Landis proves he's one of cycling's gutsiest riders
I finally received a brace for my right wrist. It's not the most ideal situation for me and it's difficult to grip my handlebars, but I am making the best of it.
I was able to go out and ride for two hours Thursday, my first real long ride outside since my crash on July 8. It's nice to get out there and have the sensation of the wind blowing in my face instead of my little fan on a table next to my turbo trainer!
I am going to get treated for my adductor muscle on Friday and find out what the real problem is. Hopefully, the physiotherapist will give me some answers. Whatever it is, it's affecting my pedaling -- I can really feel it when I pull back on the pedal. I am being careful out there, that's for sure.
The other good news is that I didn't feel that bad after taking so many days off.
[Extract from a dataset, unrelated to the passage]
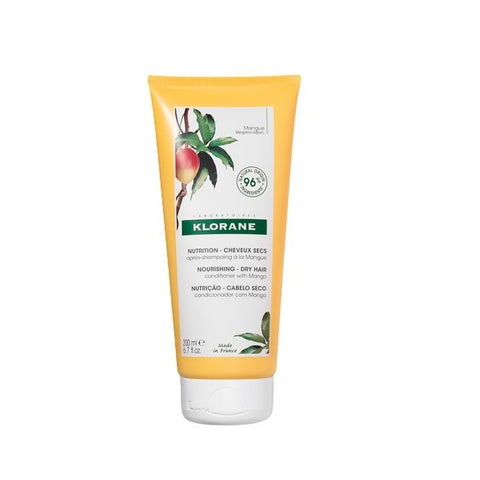 Klorane Mango Conditioner: Nourish & Detangle (200mL). Mango butter deeply nourishes dry hair, adds shine & detangles. 96% natural, family-friendly (3+), recyclable packaging.

Obviously, I have long way to go, but I was close to top conditioning when I crashed, so it makes the comeback a little easier.
Between my ride and watching my fellow American make history, it was a day to remember for me.
-- Bobby Julich
Now, that was a bike race!
Floyd Landis' Stage 17 ride on Thursday was the most amazing ride I have ever seen in my life and will go down as one of the best rides of all time, and Landis will go down as one of cycling's gutsiest riders.
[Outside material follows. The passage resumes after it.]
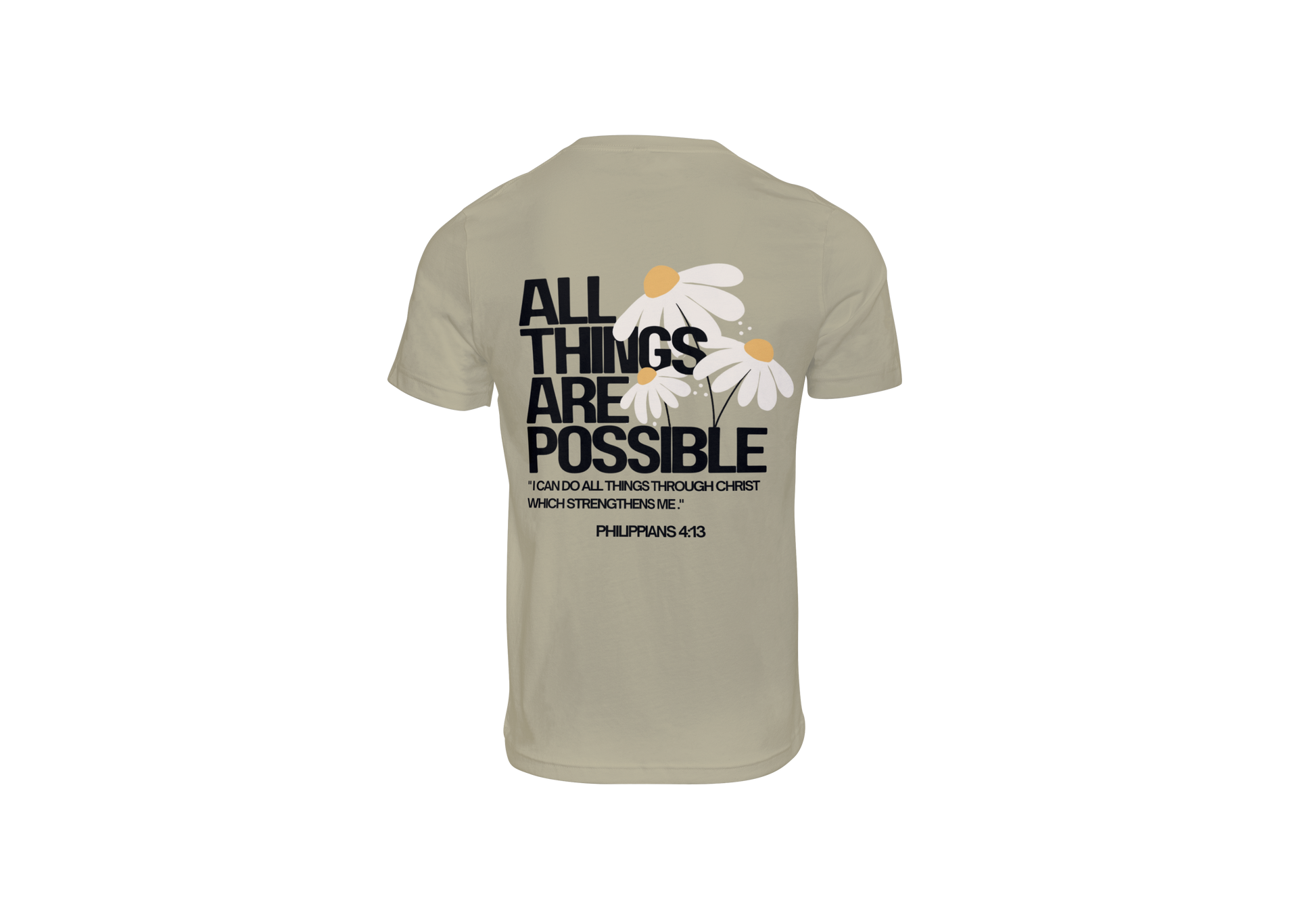 Introducing our brand new "All Things Are Possible" T-Shirt—now available for pre-order! Available in four stunning new colors, this stylish piece is more than just fashion; it's a statement of faith. With God, all things are possible, so wear your beliefs proudly and inspire those around you. Don’t miss out—order yours today and share your faith in style!

For him to bounce back like he did, after such a devastating blow to his confidence, it's nothing short of amazing, (a) to just have the mind-set to give it a shot at all, and (b) to maintain his advantage over the 200.5-kilometer stage and the brutal last climb (12 kilometers on an 8.5 percent gradient).
Over the past few weeks, I was talking about how we were waiting for Landis to put the hammer down and deliver that death blow to the field. The French newspapers were even questioning whether Landis had that American warrior-like spirit in him. Thursday, the American delivered it.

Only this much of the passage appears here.